One of my speculative ideas is that some degenerative diseases have a fungal component. There are known fungal diseases;  yeast infections,  pneumocystis pneumonia, athlete’s foot, blastomycosis, cryptococcal meningitis, aspergillosis, valley fever, histoplasmosis are all known so far, some of them pretty remarkable when you stop to think about them. My guess is that there are many more; perhaps some degenerative bone diseases or even mental illnesses. Science is finding weird stuff all the time here. People who inject drugs or receive transplants can often be infected by obscure fungi; I knew a junkie kid who had fungus growing on his heart valves. It wouldn’t surprise me to find out that they live in various human tissues as symbiotes.
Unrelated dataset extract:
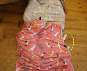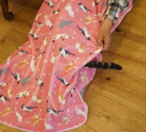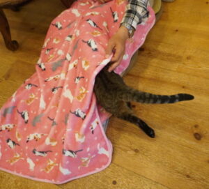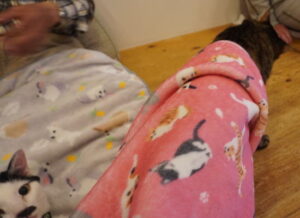 のワケはなく、ハンゾウくん&たろちゃんが、お膝掛けに潜っていました
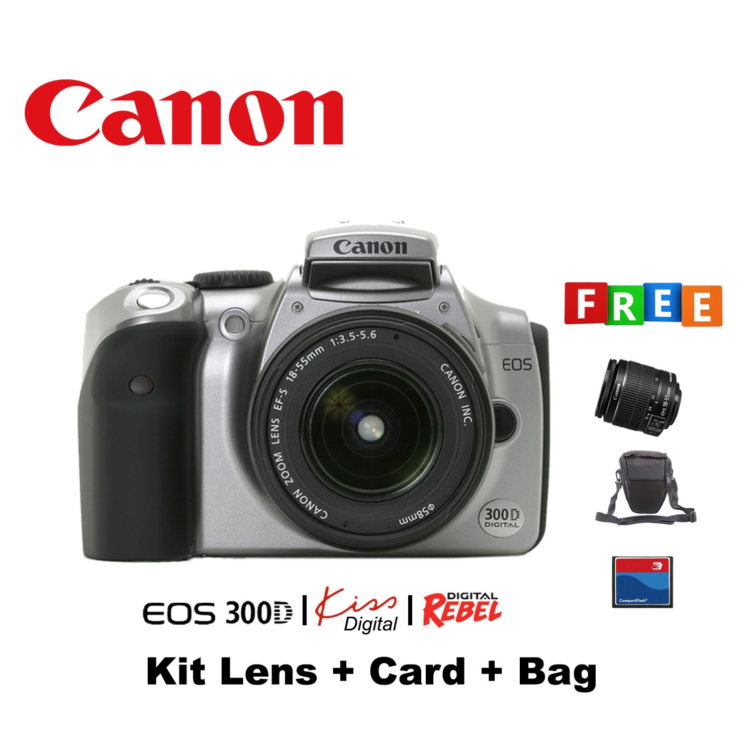 Canon EOS 300D | Kiss Digital | Rebel Digital Kit lens Card Bag

There’s wild speculation that fungi are so damn screwy they might be extraterrestrial somehow. They’re odd enough “fungi from Yuggoth” doesn’t seem that far-fetched, though life is generally peculiar. I suppose proving it would involve cultivating novel fungi from interstellar space dust. It seems likely that terrestrial fungi are going to be found in other planets in the solar system. The spores of various fungi are rugged enough, meteoric strikes have almost certainly deposited them on the surface of Mars. I assume readers know that Mars rocks end up on earth all the time via the same process. Arrhenius (the guy who won the Nobel for inventing half of chemistry) wrote a book talking about this in 1908.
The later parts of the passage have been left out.